6. Comb. = No. of letters! / (No. of X! + No. of Y!)
Comb. = 120 / (6+2)
= 15
This doesn't work.
7. Comb. = No. of letters! / (No. of X! / No. of Y!)
Comb. = 120 / (6/2)
= 40
This also doesn't work!!
8. Comb. = No. of letters! / (No. of X! x No. of Y!)
Comb. = 120 / (6x2)
= 10
At last, this formula seems to work! To make sure I am going to use it on another set of results, XXXYYY, which has 20 combinations.
Comb. = 720 / (6x6)
= 20
This formula has worked again so I will try it with another example, XXXXYYY, which has 35 combinations.
Comb. = 5040 / (24x6)
= 35
Therefore the number of combinations in a name where there are two repeating letters can be worked out by using the factorial function on the number of letters, and then by dividing that result by the number of X's! multiplied by the number of Y's! :-
Combination = Letters! / (No. X's! x No. Y's!)
C = L! / (X! x Y!)
Having found the formula, which is stated above, I am now going to try some combinations that have three repeating letters to prove that the formula still works.

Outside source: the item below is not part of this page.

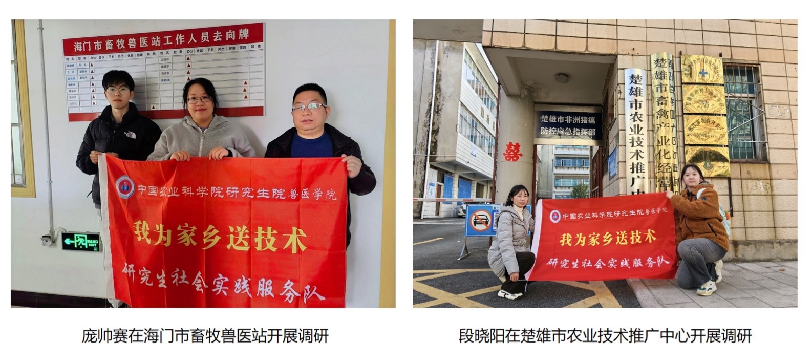 寒假期間,近200名研究生分為51個(gè)小分隊(duì),在全國(guó)26個(gè)省區(qū)深入調(diào)研、開展活動(dòng)。同學(xué)們或聯(lián)合或分散,訪村入戶、進(jìn)場(chǎng)入舍,圍繞主題、開展調(diào)研,對(duì)發(fā)現(xiàn)的問(wèn)題提出針對(duì)性的解決措施,并在返校后保持聯(lián)系、持續(xù)跟進(jìn),為鄉(xiāng)村振興提供農(nóng)科支撐。吉爾叁也同學(xué)在四川涼山州布托縣做基層獸醫(yī)、為患病馬牛手術(shù)治療;龐帥賽、段曉陽(yáng)同學(xué)歷時(shí)29天,對(duì)江蘇南通和云南楚雄20個(gè)單位進(jìn)行調(diào)研,撰寫調(diào)研日記,提交“春歸牧曲:2531養(yǎng)殖調(diào)研”報(bào)告;姬明鑫小組調(diào)研吉林左家個(gè)體養(yǎng)貂情況,并在導(dǎo)師的指導(dǎo)下幫助解決發(fā)生的疫情;劉義杰小組在河北調(diào)研規(guī)?;i場(chǎng)疾病情況,在導(dǎo)師的指導(dǎo)下對(duì)豬藍(lán)耳病防控提出解決方案。

Presumably the formula should be the following, for combinations which have three repeating letters:-
Comb. = letters! / (No. of X! x No. of Y! x No. of Z!)
XYZ has 6 combinations and so:-
Comb. = 6 / (1x1x1)
= 6
This seems to work for this basic combination but if we make it more difficult does the formula still work?
XXYZ ZYXX
XXZY XYZX
XZXY XYXZ
XZYX YXZX
ZXYX YXXZ
ZXXY YZXX 12 combinations
Comb. = 24 / (2x1x1)
= 12
Once again this formula seems to work, though finally I will use XXYYZ
XXYYZ ZXYXY XYXYZ YXYXZ XYYZX YXYZX
XXYZY ZYYXX XYXZY YXXYZ XYZXY XZYYX
XXZYY ZXYYX XZYYX YZXXY XYZYX YYXZX
XZXYY ZYXYX XZYXY YZXYX YYZXX YXZXY
ZXXYY XYYXZ YYXXZ YZYXX XXZYY YXZYX
The letters XXYYZ have 30 different combinations. Now I have to try this with the formula, C = L! / (No. X! x No. Y! x No. Z!)

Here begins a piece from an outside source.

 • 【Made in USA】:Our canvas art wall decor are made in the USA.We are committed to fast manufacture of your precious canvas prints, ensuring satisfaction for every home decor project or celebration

Combination = 5! / (2! x 2! x 1!)
Combination = 120 / 4
Combination = 30
This appears to agree with the formula's answer, which means if there were a pattern of one thousand different symbols repeating themselves then the formula would simply be:-
Comb. = Letters! / (No of A's! x No. of B's! x No. of C's! x No. of D's!......etc)
This formula is known as a universal formula and has been derived from my original one.
In conclusion, I have worked out a formula for working out the different amounts of combinations in a name that has no repeating letters, (C = L!). As well as this, I have worked out the formula for an arrangement of letters for two or more repeating letters, (C = L! / (No. A! x No. B! x No. C! ...etc).